## Required work
Go to the line holding "小微企業(yè)是浙江經(j" in the data below. Return it and each line after it through the last, exactly, and skip the pictures.

## Data extract
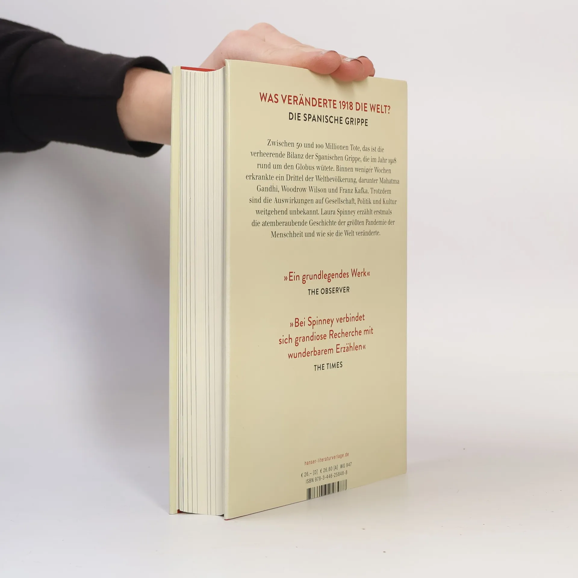 Gleichen sich die Corona-Pandemie und das Schicksalsjahr 1918? Laura Spinney in ihrem Bestseller über die Spanische Grippe als weltumspannendes gesellschaftliches Phänomen Der Erste Weltkrieg geht zu Ende, und eine weitere Katastrophe fordert viele Millionen Tote: die Spanische Grippe. Binnen weniger Wochen erkrankt ein Drittel der Weltbevölkerung. Trotzdem sind die Auswirkungen auf Gesellschaft, Politik und Kultur weitgehend unbekannt. Ob in Europa, Asien oder Afrika, an vielen Orten brachte die Grippe die Machtverhältnisse ins Wanken, womöglich beeinflusste sie die Verhandlung des Versailler Vertrags und verursachte Modernisierungsbewegungen. Anhand von Schicksalen auf der ganzen Welt öffnet Laura Spinney das Panorama dieser Epoche. Sie füllt eine klaffende Lücke in der Geschichtsschreibung und erlaubt einen völlig neuen Blick auf das Schicksalsjahr 1918.
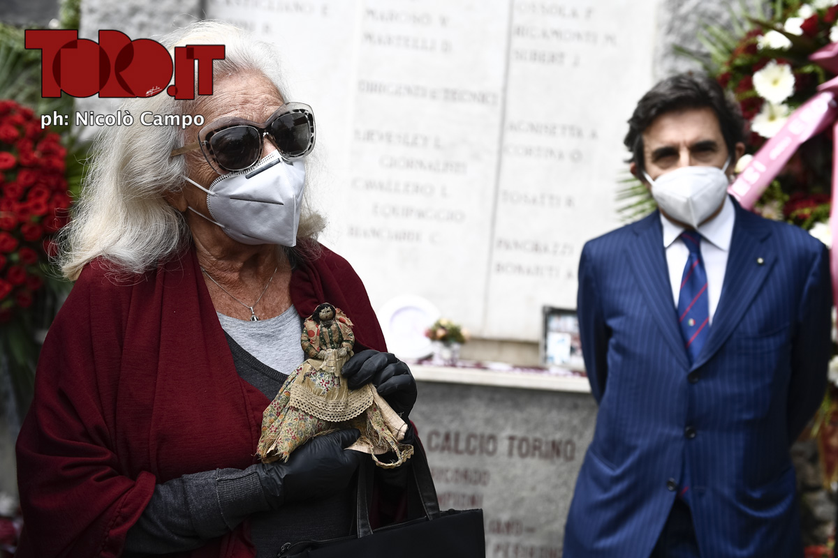 Susanna Egri, daughter of Erno Erbstein, and Urbano Cairo looks on during commemoration of Superga tragedy. On May 4, 1949, an airplane carrying the Grande Torino football team from Lisbon to Turin crashed into a wall of the Basilica of Superga over a hill near Turin killing members of the team. The 71th Annual commemoration of the Superga tragedy is celebrated respecting restrictions imposed by Italian government due COVID-19 coronavirus crisis.
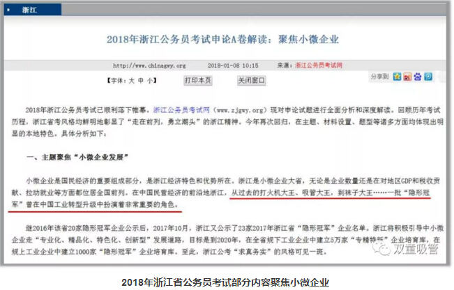 小微企業(yè)是浙江經(jīng)濟(jì)特色和優(yōu)勢所在,所以在2018年浙江省公務(wù)員考試的申論材料中,特地提到了義烏S公司堅(jiān)守吸管實(shí)業(yè),推動(dòng)了中國工業(yè)的轉(zhuǎn)型升級(jí),成為了浙江企業(yè)的標(biāo)桿!“雙童”也再次被列入公務(wù)員考題。
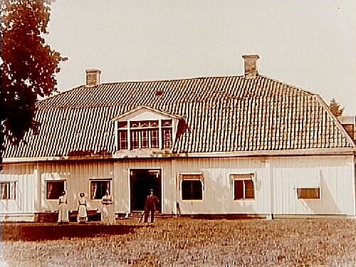 En och en halvvånings flygelbyggnad med frontespis, 4 personer framför huset.
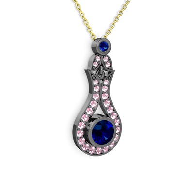 Lab safir ve pembe kuvars 925 ayar siyah rodyum kaplama gümüş kolye (40 cm altın rolo zincir)
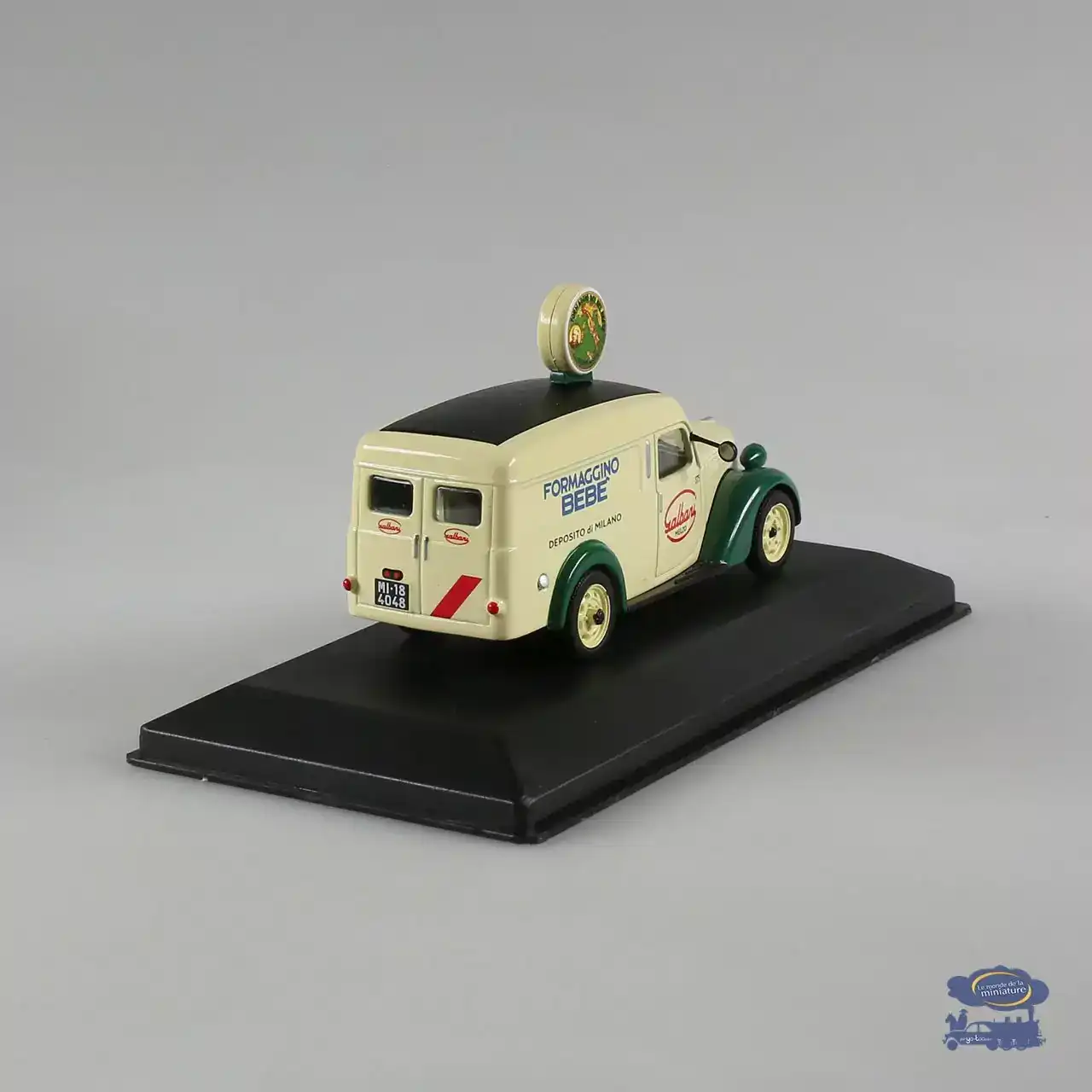 Ensuite, cette version se distingue par sa décoration spécifique. En effet, la livrée Galbani évoque l’univers des véhicules publicitaires. Par conséquent, ce modèle attire les amateurs de miniatures anciennes.

## Exercise response
 小微企業(yè)是浙江經(jīng)濟(jì)特色和優(yōu)勢所在,所以在2018年浙江省公務(wù)員考試的申論材料中,特地提到了義烏S公司堅(jiān)守吸管實(shí)業(yè),推動(dòng)了中國工業(yè)的轉(zhuǎn)型升級(jí),成為了浙江企業(yè)的標(biāo)桿!“雙童”也再次被列入公務(wù)員考題。
 En och en halvvånings flygelbyggnad med frontespis, 4 personer framför huset.
 Lab safir ve pembe kuvars 925 ayar siyah rodyum kaplama gümüş kolye (40 cm altın rolo zincir)
 Ensuite, cette version se distingue par sa décoration spécifique. En effet, la livrée Galbani évoque l’univers des véhicules publicitaires. Par conséquent, ce modèle attire les amateurs de miniatures anciennes.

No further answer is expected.